I thank my sponsors Ramco, who have supported me since 2016, when I was 10 years old. Also recently, I was inducted into Indian Oil. So I have to say thank you to both of them. I don’t think that without their support it is possible to reach this level. Thank you to everyone who supported me and wished me (well).
Q. The pandemic has made it more necessary than ever to play chess online. How did you find that the two versions – online and remote were different?
There are good and bad things about playing online or on the board. I like to play both, but at the same time I feel like general chess is more serious, tactical chess. Online is also pretty serious. These (online) tournaments are very strong… (In) over-the-board chess, there is a ranking, so it’s much more competitive in that sense. But… it’s (online chess) pretty cool / You don’t have to travel anywhere, just sit there against every player. In general, I like to do it.
Q. Has your coach RB Ramesh introduced any changes for the online version?
No, nothing as such. I was just doing my prep like I do. Nothing has changed. But certainly in the last few months we have analyzed my game a lot. I try to work on the mistakes that I make, I try to rectify them.
Q. How do you prepare for a match? What is the mental and physical side of it?
Usually, before a game, I don’t mentally prepare myself. I’m just trying to be game ready and in the mindset to play a competitive game etc. I work with Ramesh sir, he’s my trainer. I am also part of the Westbridge-Anand Chess Academy (WACA). Thanks to (Viswanathan) Anand sir, I learned a lot from there… It’s always been a busy schedule for me with the classes as I also train with my trainer.
Q. What was the role of Viswanathan Anand and WACA in your growth as a chess player?
He (Anand) has been the biggest (greatest) support for me. Whenever i have any doubts i can just message him he responds very soon…what i did wrong (in a match) i can just message him and sir will be ready to analyze it. I am very happy to also be part of the Westbridge-Anand Chess Academy, where I have four other coaches. I am in constant contact with Mr. It was a great experience for me.
Q. What is school life like for a chess grandmaster?
I don’t have many friends at school. I don’t go to school much. Whenever there is an exam, the school teachers will help me study and make me understand the lessons easily, so that I can pass the exams. I have to thank the Velammal school and its teachers. Even now, I take board exams. They (teachers) taught me important things, like important lessons that are hard to learn, they will teach me. In this sense, I am lucky to be in this school.
Q. Did the attention you received, especially after the wins over Magnus Carlsen, surprise you?
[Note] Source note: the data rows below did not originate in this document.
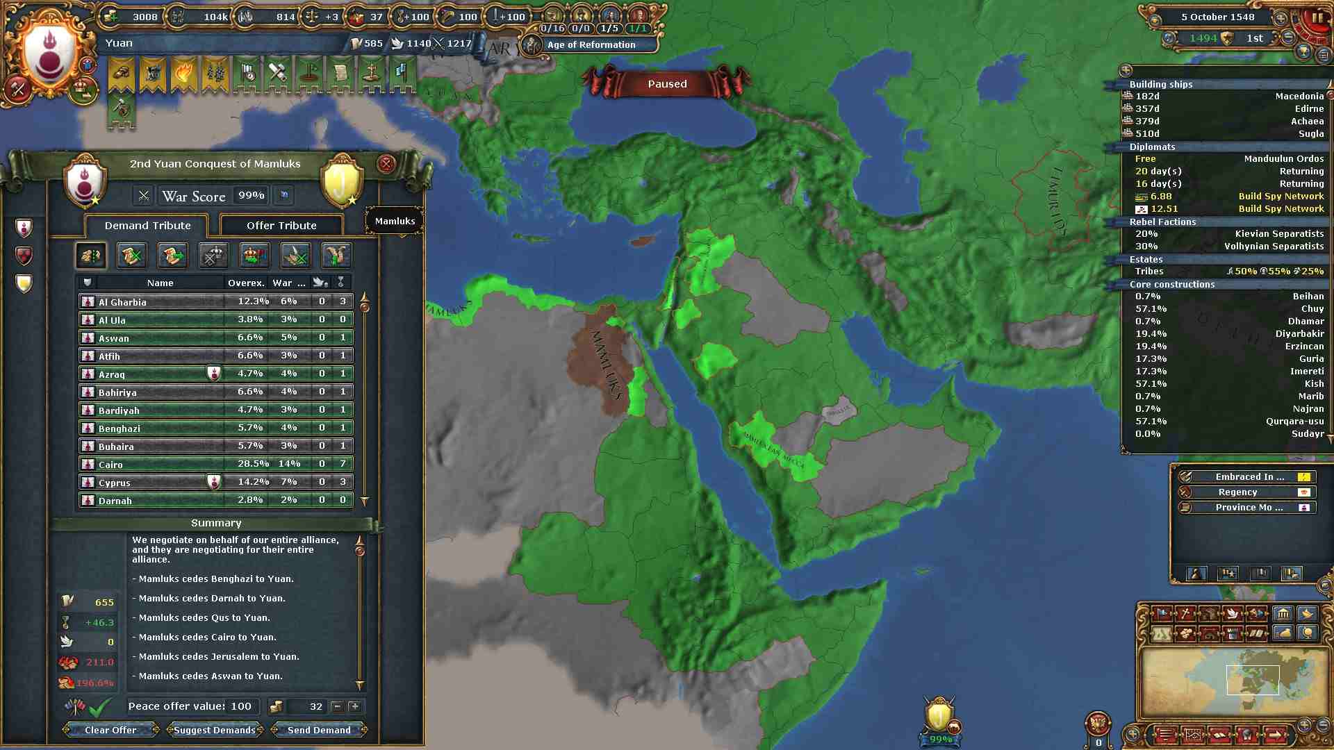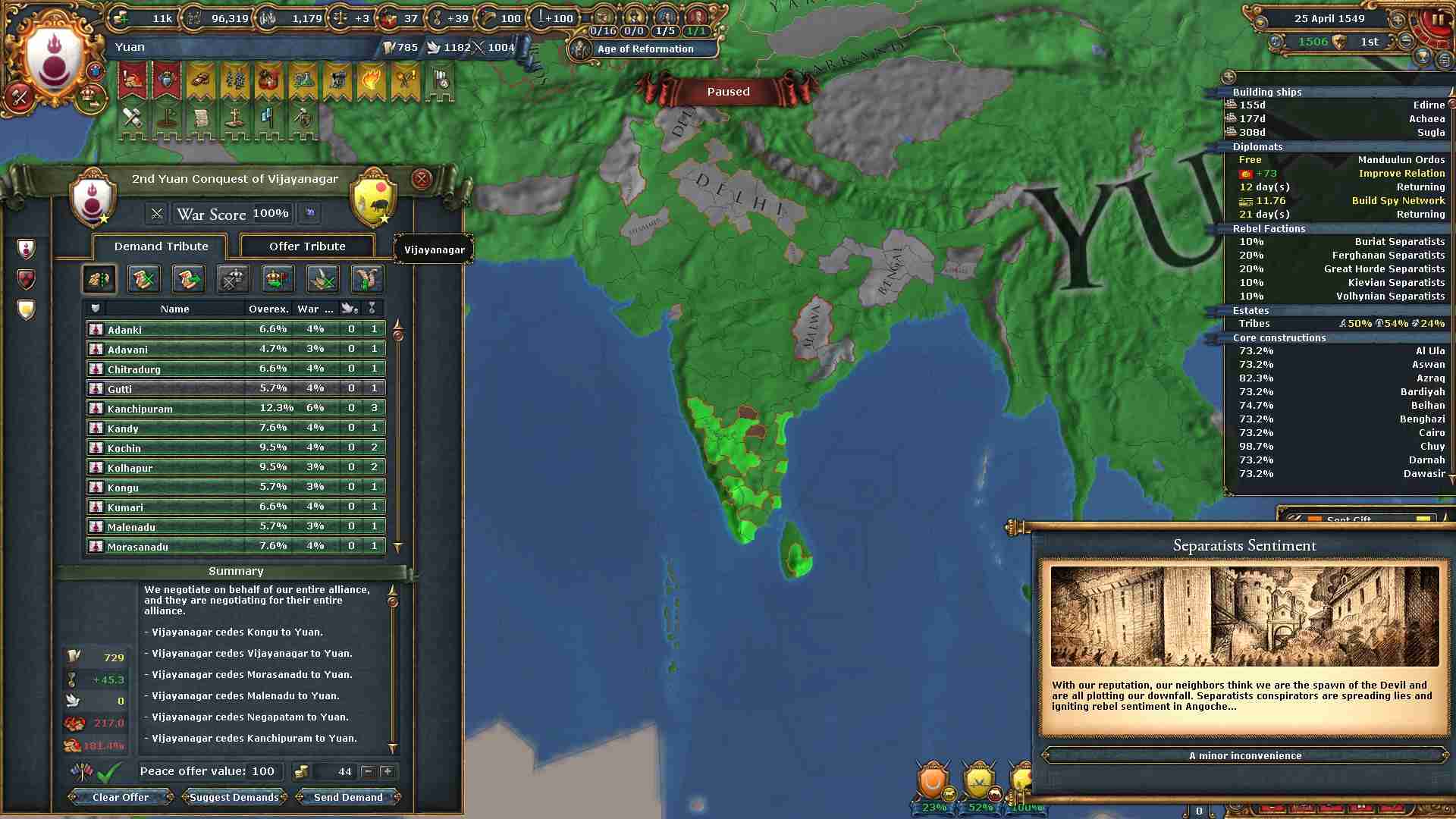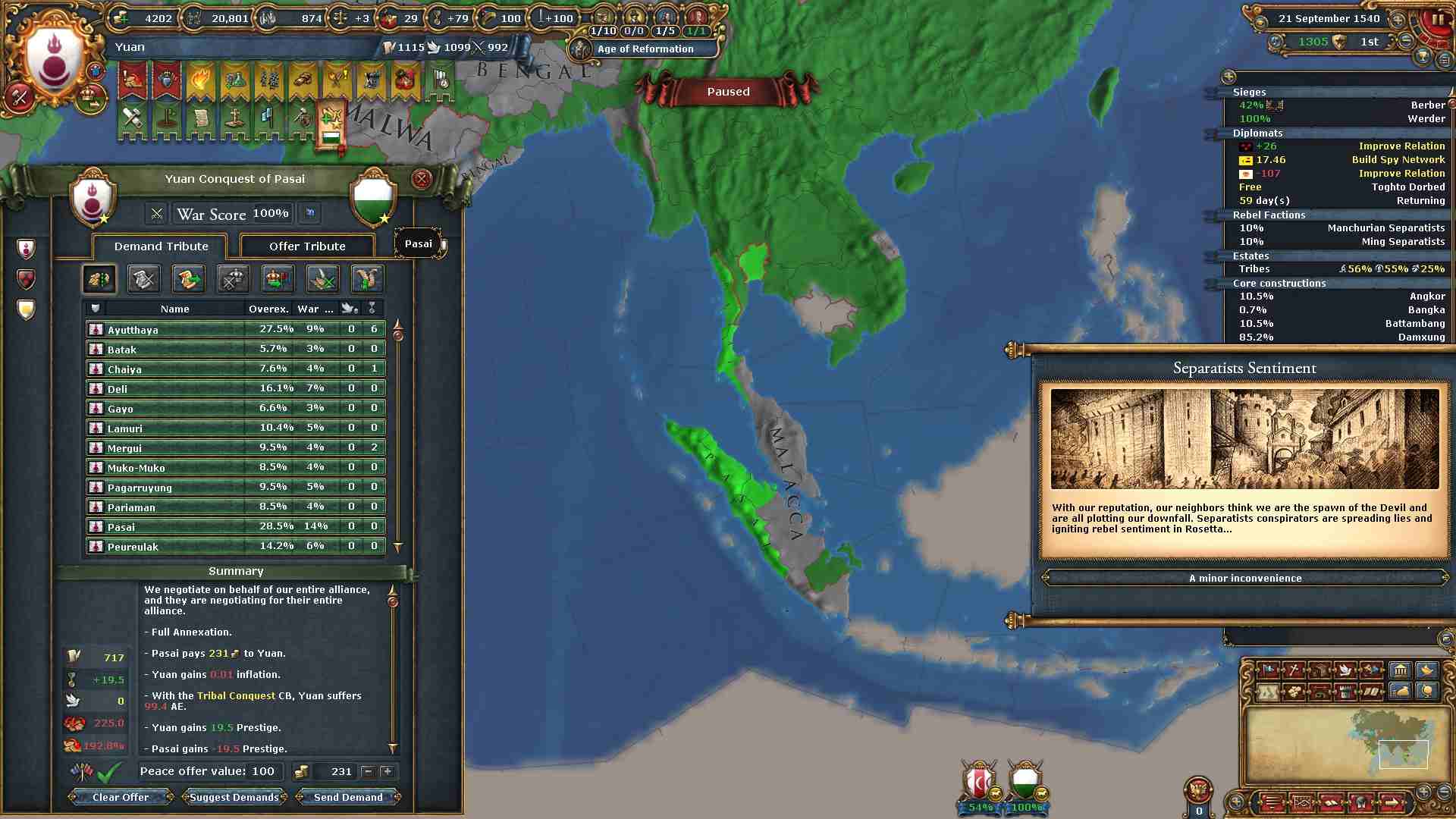 同盟:ボヘミア、オーストリア、日本 属国:ティムール、ヤルカンド
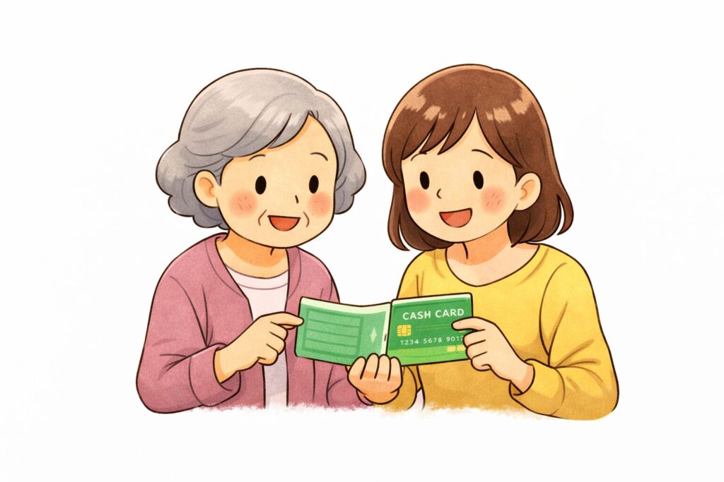キャッシュカードを作ると夕方でも土日でもお金の引き出しできるから、
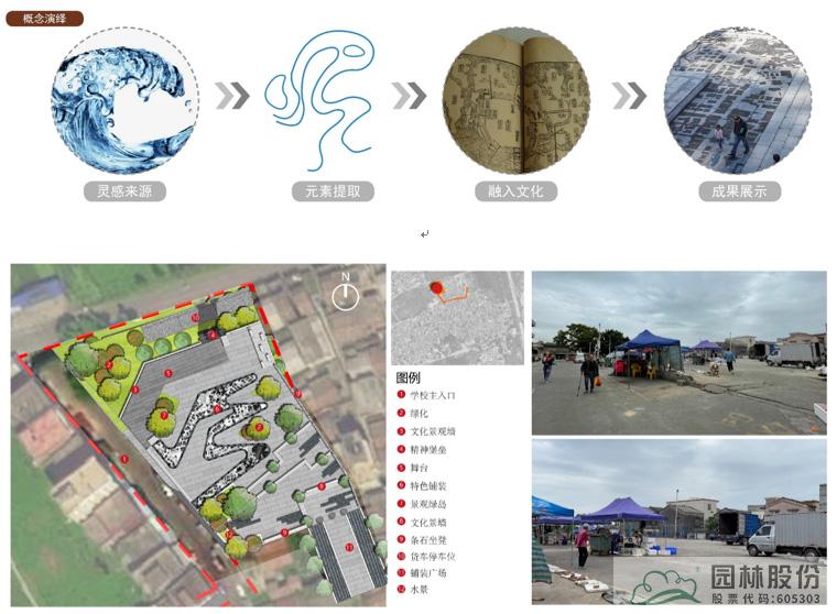 入口休闲广场概念演绎设计说明:现状场地主要为一片空地,由于南面是菜场,因此该场地在功能性上主要有货车卸货的功能,考虑村庄内可能举办大型祭祀活动或者红白喜事,需要有大空间,所以在设计中留出了大片场地。因沿海城市,所以提取了海浪元素,结合当地历史文化及村落肌理,做出如图设计。
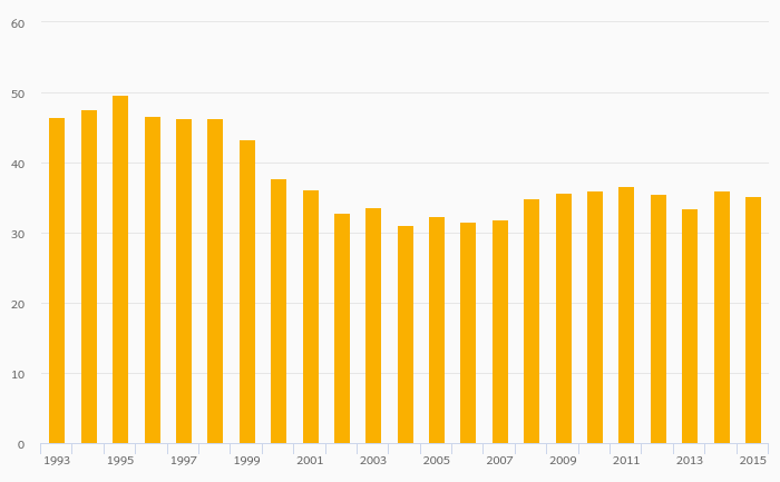Agriculture, Value Added (As % of GDP) fell 2.31% to 35.3% in Cambodia in 2015
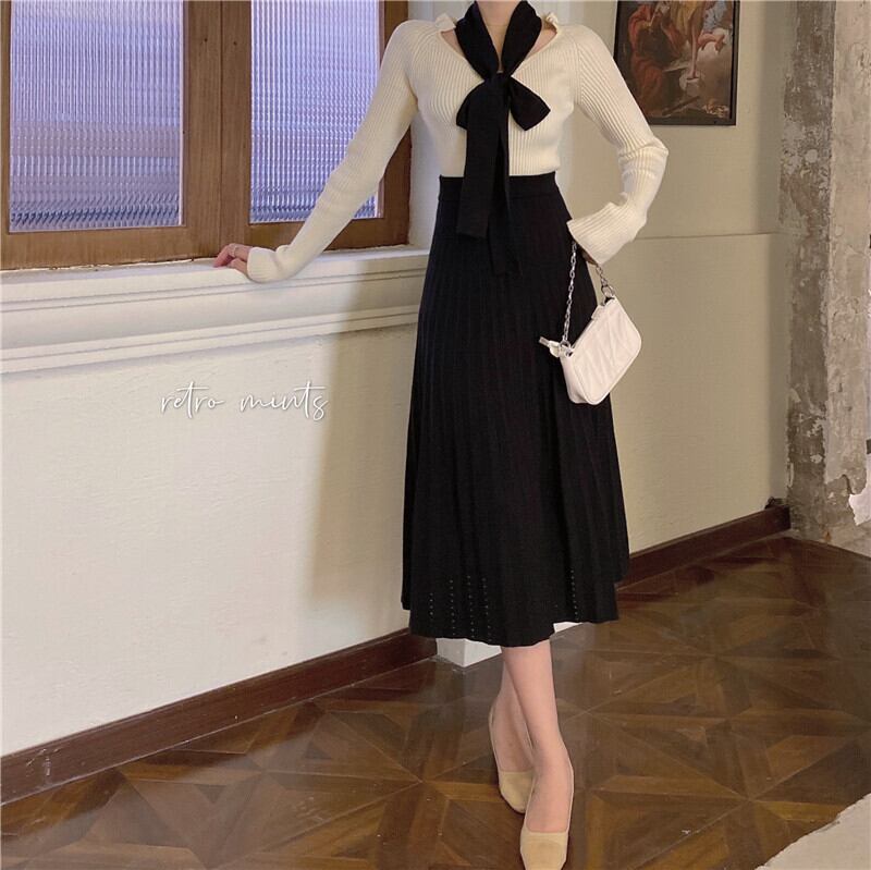 ニット ホワイトシャツ スプリングスタイルセーター トップス リボン 春物 ブラックストロベリース86169027066
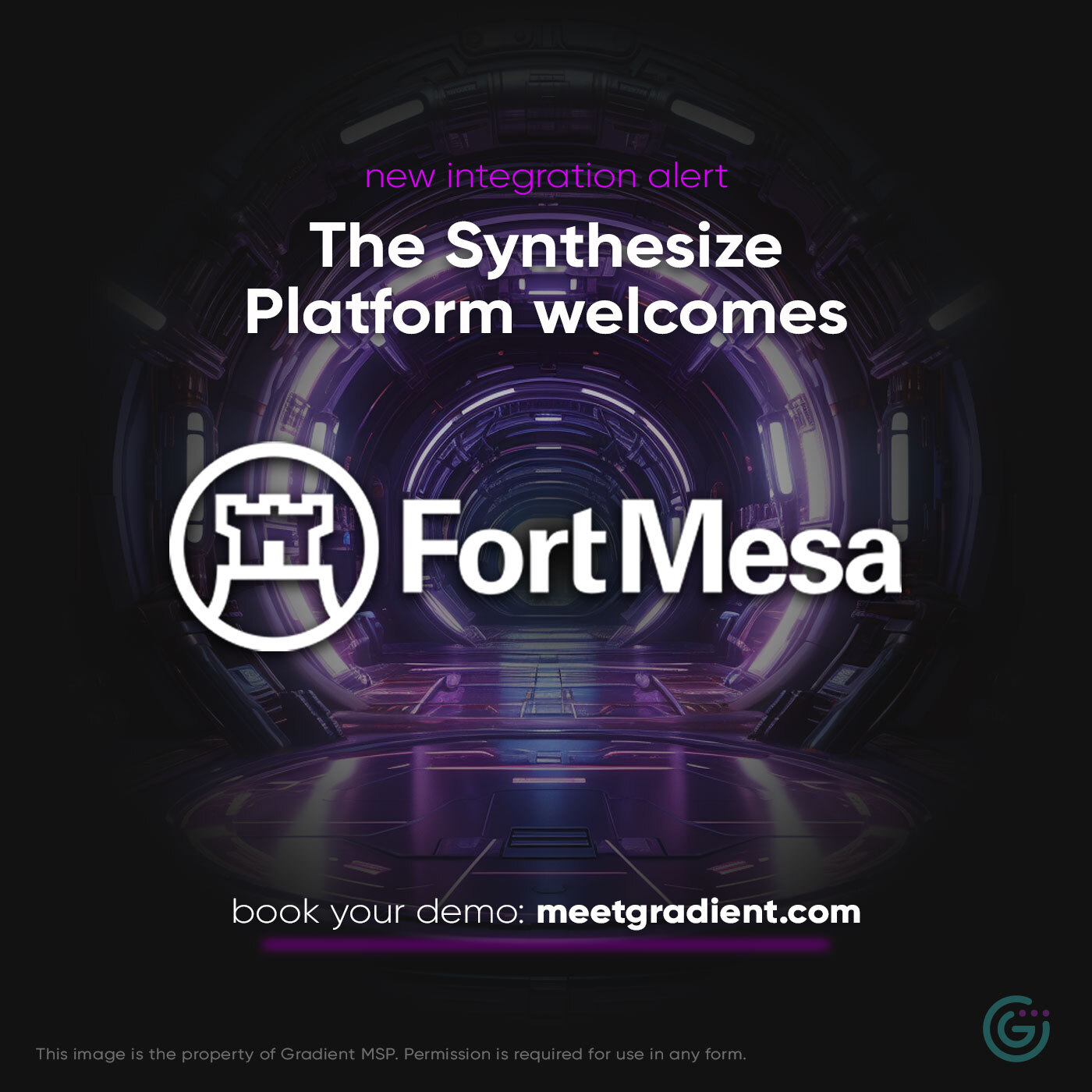 “Gradient is thrilled to welcome FortMesa to our Synthesize integration network,” says Colin Knox, CEO and Co-founder of Gradient MSP. “With this seamless integration, FortMesa partners can now streamline and expedite their billing reconciliation processes and make sure they never miss an alert, empowering them to prioritize the customer experience and scale their business.”

I accepted this event knowing that there will also be exams, but I thought I was playing without any pressure. It’s always a good opportunity to play against these guys (Carlsen, Giri, Liren and others). But I did not expect to reach the final. I really surprised myself, but I think I played pretty well. I am happy. It’s a pleasant surprise.
Q. Do you rely on any particular technique?
These days it’s hard to play a single opening, so I’m not prepared. You just have to be wider with openings, always have an element of surprise for your opponent. That way, I won’t say that I have a specific opening that works against everyone. It’s just about trying to be wide and surprise everyone.
Q. Is there anything you’re working on specifically to keep that momentum going?
Recently, I played a lot of tournaments. For the past six months, I’ve been good. Previously, I made a lot of mistakes, which we identified and tried to correct. That’s one of the reasons I feel like I’m playing better now. I think one of the issues I had was time management, chess clock management, but I think now it’s much better. Working on weak points is important.